- How to complete this task: Pictures in the data should be dropped; transcribe exactly the lines from the one that has "アクセサリーにはデスクワーク" through the one that has "塩原漁業協同組合様ニジマスのつかみ取りチラシ印刷".

- Study material:

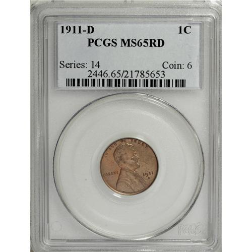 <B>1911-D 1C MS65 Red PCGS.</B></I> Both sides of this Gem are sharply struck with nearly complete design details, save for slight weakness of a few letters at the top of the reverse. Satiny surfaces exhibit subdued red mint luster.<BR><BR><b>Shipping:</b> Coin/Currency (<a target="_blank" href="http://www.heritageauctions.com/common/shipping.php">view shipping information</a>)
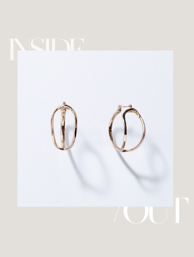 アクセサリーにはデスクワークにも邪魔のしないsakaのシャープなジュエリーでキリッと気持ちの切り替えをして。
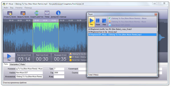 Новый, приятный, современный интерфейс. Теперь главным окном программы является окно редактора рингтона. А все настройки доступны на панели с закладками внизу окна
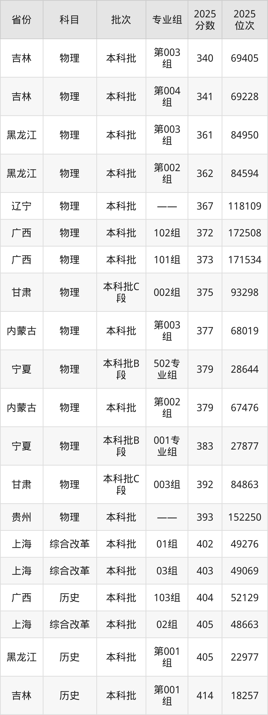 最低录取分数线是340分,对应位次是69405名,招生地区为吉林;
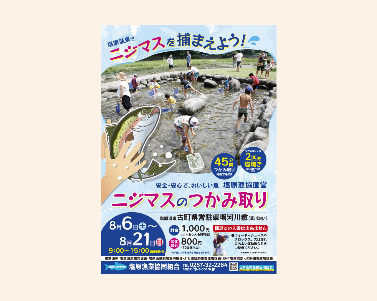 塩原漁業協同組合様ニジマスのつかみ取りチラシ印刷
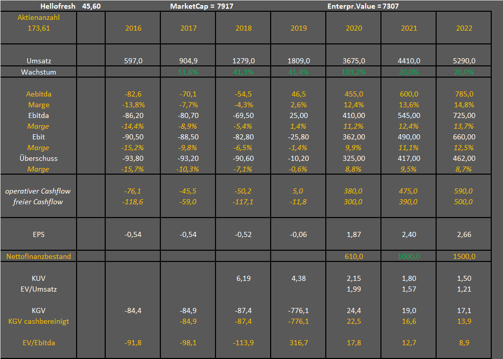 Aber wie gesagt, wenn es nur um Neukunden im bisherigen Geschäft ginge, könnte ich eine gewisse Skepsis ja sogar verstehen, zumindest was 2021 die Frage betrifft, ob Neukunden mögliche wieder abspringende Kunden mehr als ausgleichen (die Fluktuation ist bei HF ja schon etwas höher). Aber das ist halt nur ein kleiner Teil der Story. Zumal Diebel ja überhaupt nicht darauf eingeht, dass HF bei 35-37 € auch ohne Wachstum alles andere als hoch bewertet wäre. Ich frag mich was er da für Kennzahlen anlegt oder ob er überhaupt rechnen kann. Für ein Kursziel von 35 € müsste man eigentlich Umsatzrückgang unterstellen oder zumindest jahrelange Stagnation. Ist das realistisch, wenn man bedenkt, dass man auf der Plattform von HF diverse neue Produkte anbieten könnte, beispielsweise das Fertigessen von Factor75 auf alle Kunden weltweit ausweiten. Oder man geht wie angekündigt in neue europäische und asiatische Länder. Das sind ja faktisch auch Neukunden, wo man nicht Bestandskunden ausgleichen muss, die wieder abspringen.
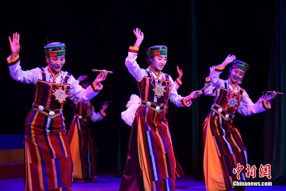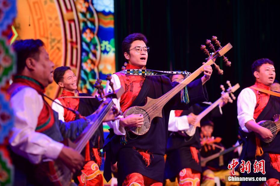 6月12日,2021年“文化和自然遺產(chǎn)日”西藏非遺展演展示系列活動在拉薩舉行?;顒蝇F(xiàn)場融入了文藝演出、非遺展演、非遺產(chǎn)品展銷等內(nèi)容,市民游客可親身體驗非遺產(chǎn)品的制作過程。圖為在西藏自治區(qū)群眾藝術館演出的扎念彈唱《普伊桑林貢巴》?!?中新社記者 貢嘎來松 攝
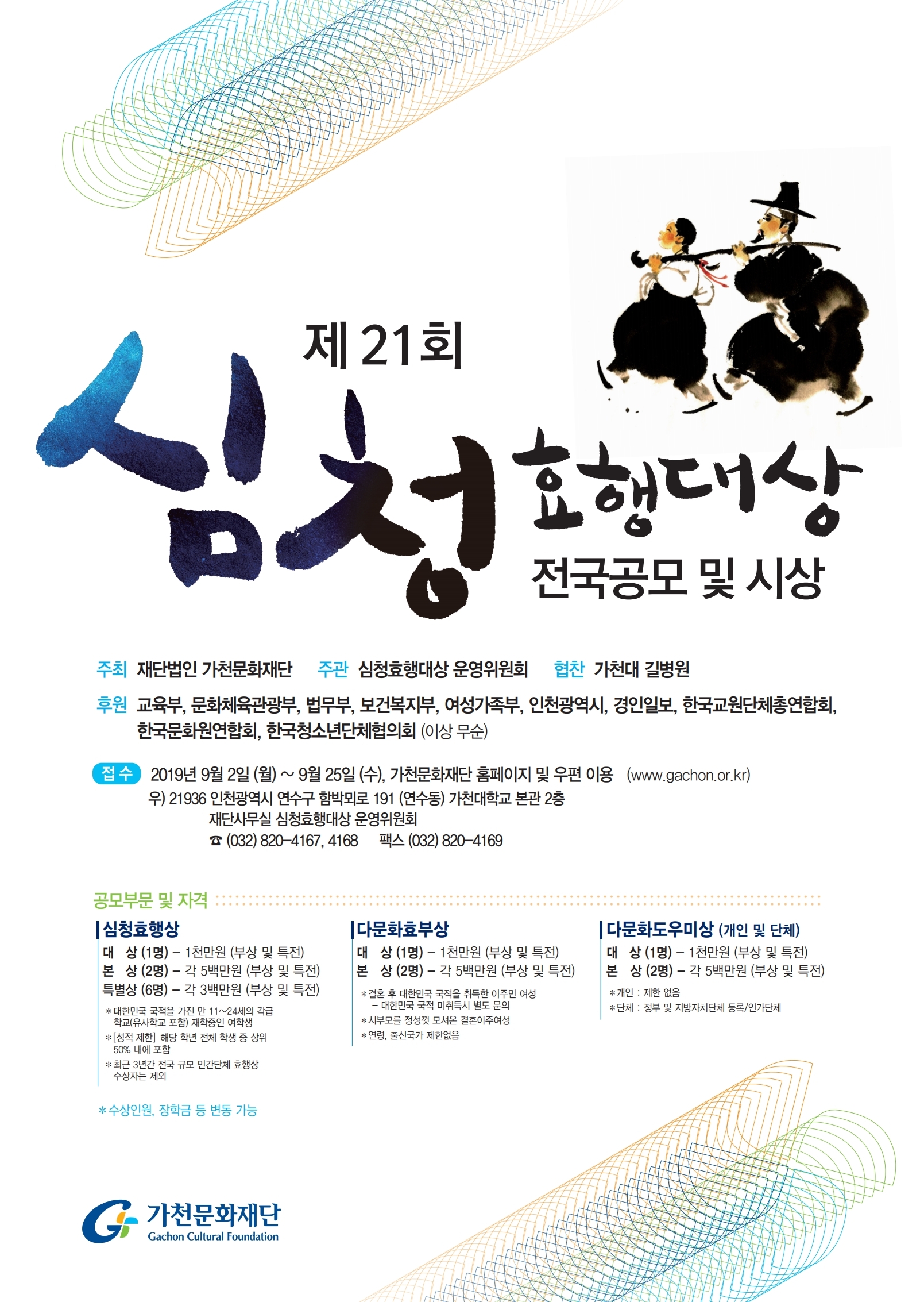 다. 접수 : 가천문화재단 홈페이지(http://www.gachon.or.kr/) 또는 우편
...
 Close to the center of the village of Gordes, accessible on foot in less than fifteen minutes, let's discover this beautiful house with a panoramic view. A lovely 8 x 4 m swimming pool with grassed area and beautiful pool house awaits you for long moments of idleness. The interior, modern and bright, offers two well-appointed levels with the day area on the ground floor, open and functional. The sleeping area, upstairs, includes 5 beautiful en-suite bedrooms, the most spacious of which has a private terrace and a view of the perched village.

- Response area:
 アクセサリーにはデスクワークにも邪魔のしないsakaのシャープなジュエリーでキリッと気持ちの切り替えをして。
 Новый, приятный, современный интерфейс. Теперь главным окном программы является окно редактора рингтона. А все настройки доступны на панели с закладками внизу окна
 最低录取分数线是340分,对应位次是69405名,招生地区为吉林;
 塩原漁業協同組合様ニジマスのつかみ取りチラシ印刷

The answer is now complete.